I2 Years ago I was driving behind a tractor on a country
road in County Kerry and in no hurry but did have an appointment to keep.
Giving the tractor driver a hint by keeping to the right and towards the center
of the white line of the road, I figured he would ease to his left in a show of
driver camaraderie to let me overtake, but instead stubbornly held to the
centre of it even when the road widened and he had already passed a lay-by. Two
more miles went behind us and the journey suddenly seemed laboured and
claustrophobic. I switched off the radio for I needed to pay attention as I
became aware that something was going very wrong here and it was more than a state of mind.
I decided to beep the feeble horn of the car. First a little
bit tentatively, then a bit more assertive, with the last beep having a more
plaintive edge to it. Still nothing except the steady loud rhythm of the
tractors engine and the smell of cow dung blowing back at me. Each second
seemed a minute but the sense that I was in danger grew and in the next seconds
I would know I was.
As we approached uphill a bend in the road, the tractor
driver held out a meaty hand and started to wave me around and on to pass him.
This baited piece of meat was doing what it was intended to do by the moronic
brain of the man that controlled it, and I seized it in a serious error of judgment.
I pressed on the accelerator in a desperate bid to put this all behind me not
thinking what might just be in front of me, and weaved around the creaking rust
bucket mechanical dinosaur fueled by a certain desperation. Bearing down
suddenly opposite me was 10,000 pounds of moving steel called a truck, driven by
a kindly but shocked face. It was the end and the beginning of something that
would stay with me for the rest of my life.
I pulled back and in behind the tractor within a sliver of
space that defied the laws of moving parts. I shuddered to a halt as the
tractor made distance in front of me and the truck I could not see anymore.
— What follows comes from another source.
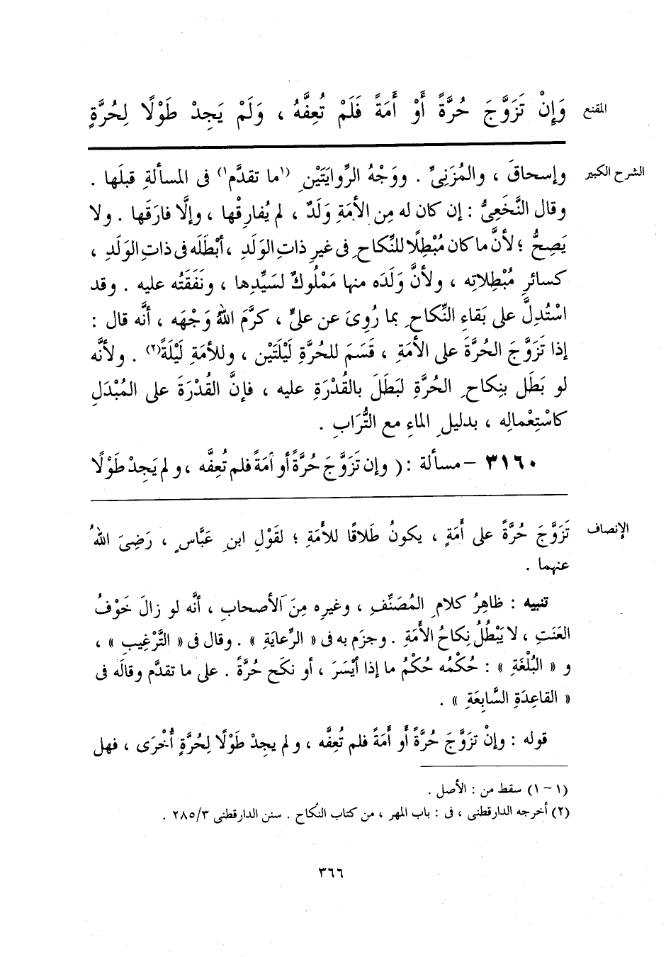 تَزَوَّجَ حُرّةً على أَمَةٍ، يكونُ طَلاقًا للأَمَةِ؛ لقَوْلِ ابنِ عَبَّاسٍ، رَضِيَ اللهُ عنهما.

Space, empty space, dotted by bleak but beautiful landscape was all around me.
I was alive, I was still alive.
I stayed in the middle of the road in that car in a helpless
state of euphoria for over 5 minutes knowing that I would go and see tomorrow. No
other car appeared or be noticed to disrupt this altered state, a state of
mind that overshadowed thoughts or actions of revenge long enough that when I went
to look for the man after I came out of it, he had vanished into one of the
many arteries of lesser known boreens and roads that were everywhere.
Since that time I have wondered what had possessed that man
who had intent to kill on that day. It would have been the perfect crime and only
he would have known the truth. Would it have served his need to lash out at the
unhappiness and frustration of his own life by the sacrifice of mine. I simply will
never know.
I do know I will never trust any car driver in front of me ever again
about something that I cannot see with my eyes only.